Relic Entertainment’s proprietary Essence Engine powered Age of Empires IV to visual success but apparently created significant development friction behind the scenes. That technical relationship appears to be ending.

Why Abandoning Proprietary Technology Makes Sense

According to Corden’s reporting, World’s Edge is constructing foundational systems for a new Age of Empires installment using Unreal Engine. The decision reflects hard-learned lessons about proprietary tool dependency.

Custom engines create institutional knowledge problems. When key technical staff depart, their expertise leaves with them. Unique toolchains require specialized training that shrinks available talent pools. Bug fixes and feature implementations take longer when developers must work around idiosyncratic systems rather than leveraging industry-wide documentation and community support.

Unreal Engine eliminates most of these friction points. Experienced developers can onboard faster. Technical problems have existing solutions. The engine’s widespread adoption means continuous improvement from Epic’s resources rather than relying solely on internal engineering bandwidth.

For a franchise that has relied heavily on remastered releases, this infrastructure investment could finally enable the development velocity that new mainline entries require.

StarCraft Third-Person Shooter Reportedly in Development

Players who remember the cancellation of StarCraft: Ghost in 2006 have waited nearly twenty years for someone to revisit that concept. The wait may be ending.

What We Know About the Project

Corden claims to have viewed actual gameplay footage from a StarCraft third-person shooter currently in development. His description compared the experience to Space Marine—Warhammer 40,000’s acclaimed action franchise known for weighty combat and visceral presentation.

The StarCraft universe contains narrative and aesthetic potential that top-down perspectives inherently limit. Experiencing a Zerg swarm from ground level, feeling the scale of Protoss technology, understanding viscerally why Terran Marines require powered armor—these possibilities have remained unexplored in any official capacity since Ghost’s cancellation.

If developers can capture Space Marine’s tactile combat weight while applying modern production values, the result could finally deliver on promises made two decades ago.

Microsoft’s Broader Strategy Gaming Ambitions

Individual project rumors matter less than the apparent strategic direction they reveal. Microsoft seems intent on dominating strategy gaming while competitors focus elsewhere.

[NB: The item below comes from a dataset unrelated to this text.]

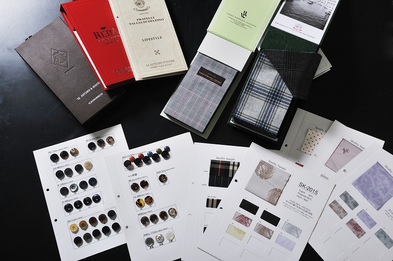 ※イタリア・英国を中心にした豊富な生地から、お客様の体型や顔立ちなどを考慮しご提案できます

Consolidating Genre Leadership

Beyond the shooter project, reports indicate a traditional StarCraft RTS also remains under consideration. Combined with continued Age of Empires development, Microsoft would control two of the most beloved strategy franchises in gaming history under unified corporate direction.

This consolidation positions Xbox Game Pass as the definitive destination for strategy enthusiasts. PC gaming audiences—historically the strategy genre’s core demographic—gain compelling reasons to subscribe. The loyalty that strategy fans demonstrate toward beloved franchises translates directly into long-term subscription retention.

After years watching RTS games receive minimal publisher attention, this aggressive investment represents validation that the genre maintains commercial viability. Microsoft betting significant resources on strategy gaming benefits everyone who wants these experiences to continue existing.

The execution remains uncertain. Rumors and podcast discussions don’t guarantee shipped products. But the directional signal alone—Microsoft treating strategy games as priority investments rather than legacy obligations—offers genuine reason for optimism.